William H. Gage

Biography of William H. Gage

William H. Gage
William H. Gage

We are pleased to grant to Mr. Gage a consideration in the pages of the history of the Nez Perces County since he has wrought in this section for a long time, has manifested those qualities of worth and perseverance that bring the meed of success and has maintained an unsullied reputation, becoming one of the leading men of his community, being esteemed and respected by all. He was born on October 1, 1857, in Gardner, Grundy County, Illinois, being the son of Thomas W. and Martha A. (Rogers) Gage, natives respectively of Vermont and New York. They came to Illinois in an early day and where Chicago now stands could have been taken as homestead land at that time. They removed to Missouri in 1869 and to Kansas in 1876, where the father died in 1896, aged sixty-six years and the mother still lives there.

Julia Gage
Julia Gage

Our subject received very little schooling, but spent his boyhood days in working for his father and in the coal mines in Missouri. He has been careful to investigate and has read much during his life, thus having made up for the lack of schooling. In 1879, he came west, locating a preemption near Moscow, where he went into the livery business Inn sold out two years after starting, then removed south from Genesee, where he purchased two hundred acres of land and farmed until 1887 when he sold and bought his present place, three miles south from Genesee. This land was wild at the time Mr. Gage bought it, which he cleared and broke, building a good house, barns, outbuildings and otherwise improving it until it is a model farm. He has a fine orchard of five hundred trees and does a general farming business and handles some stock. Mr. Gage has been active in the field of education, always laboring for good schools and has been both school director and road supervisor, and always evinces a manifest interest in the local politics. On December 6, 1885, Mr.
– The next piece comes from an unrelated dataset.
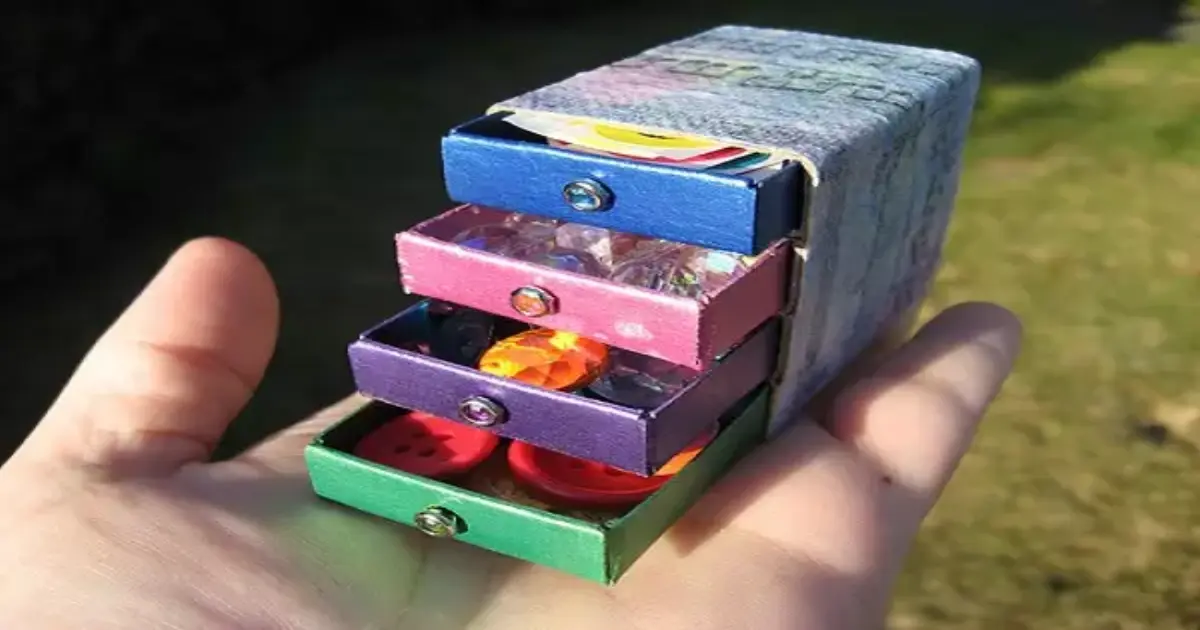 يمكن استغلال علب الكبريت الفارغة لصنع أشكال ديكورية من خلال خطوات سهلة وبسيطة، وذلك من خلال، جمع علب الكبريت، ثم إلصاق علب الكبريت فوق بعضها البعض لتكون على شكل هرمي أو برج أو بشكل متجاور، ثم تزيين العلب بأي من الخامات المتوفرة بالبيت من ألوان أو ورود وملصقات أو الورق المقوي أو قطع القماش الزائدة بالبيت مع أزرار ملونة لتعطي شكل جذاب، كما هو موضح بالصور.

Gage married Miss Julia, daughter of E. A. and E. A. (Warner) Sampson, natives of Missouri and Indiana, respectively. They crossed the plains in 1847 to Oregon and then returned to the states to come out west again in 1852. Mr. and Mrs. Gage have become the parents of seven children, as follows, Jessie, going to school in Genesee, William C, Ernest W., Mabel A., Chester E., Pearl A., and Eunice A. Mr. Gage affiliates with the W. of W. and the A. O. P. He is a man of broad experience and native talent which gives him a great prestige in the community where he is respected and confided in by all.